A fusão nuclear é uma reação nuclear na qual dois núcleos de átomos de luz, em geral hidrogênio e seus isótopos (deutério e trítio), se unem para formar outro núcleo mais pesado. Geralmente essa união é acompanhada pela emissão de partículas (no caso dos núcleos atômicos do deutério, um nêutron é emitido). Essa reação de fusão nuclear libera ou absorve uma grande quantidade de energia na forma de raios gama e também de energia cinética das partículas emitidas. Essa grande quantidade de energia permite que a matéria entre no estado plasmático.

As reações de fusão nuclear podem emitir ou absorver energia. Se os núcleos a serem fundidos possuem menos massa que o ferro, a energia é liberada. Pelo contrário, se os núcleos atômicos que se fundem são mais pesados ​​que o ferro, a reação nuclear absorve energia.

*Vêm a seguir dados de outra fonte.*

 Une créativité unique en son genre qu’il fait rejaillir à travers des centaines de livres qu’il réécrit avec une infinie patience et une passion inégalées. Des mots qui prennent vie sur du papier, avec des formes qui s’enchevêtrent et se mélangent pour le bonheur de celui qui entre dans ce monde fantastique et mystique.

Não confunda a fusão nuclear com a fusão do núcleo do reator, que se refere à fusão do núcleo do reator de uma usina nuclear devido ao superaquecimento causado pelo mau resfriamento. Durante o acidente nuclear de Fukushima, essa expressão foi usada com frequência na mídia.

Fusão nuclear na natureza

O Sol é um exemplo de energia de fusão nuclear que chega a Tiera por radiação eletromagnéticaAs estrelas, incluindo o Sol, experimentam constantemente reações de fusão nuclear. A luz e o calor que percebemos do Sol são o resultado dessas reações de fusão nuclear: os núcleos de hidrogênio colidem uns com os outros e se fundem, resultando em um núcleo de hélio mais pesado, liberando uma enorme quantidade de energia. A energia liberada atinge a Terra na forma de radiação eletromagnética.

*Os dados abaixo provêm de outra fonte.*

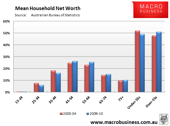 According to the ABS, over-55s held 51% of the nation’s net worth in 2009-10, an increase of 3% since 2003-04. Not surprisingly, this increase in the share of wealth was on the back of housing, where net worth for the over-55s rose to 53% in 2009-10 from 48% in 2003-04:

As forças de gravidade no universo geram as condições perfeitas para a fusão nuclear.

As reações de fusão nuclear também são chamadas de reações termonucleares devido às altas temperaturas que elas experimentam. Dentro do Sol, a temperatura está perto de 15 milhões de graus Celsius.

Requisitos técnicos para fusão nuclear

Para realizar reações de fusão nuclear, os seguintes requisitos devem ser atendidos:

  • Obter uma temperatura muito alta para separar os elétrons do núcleo e que este se aproxima de outro superando as forças de repulsão eletrostática. A massa gasosa composta de elétrons livres e átomos altamente ionizados é denominada plasma.
  • É necessário confinamento para manter o plasma em temperatura elevada por um período mínimo de tempo.
  • Densidade plasmática suficiente para que os núcleos estejam próximos um do outro e possam gerar reações de fusão nuclear.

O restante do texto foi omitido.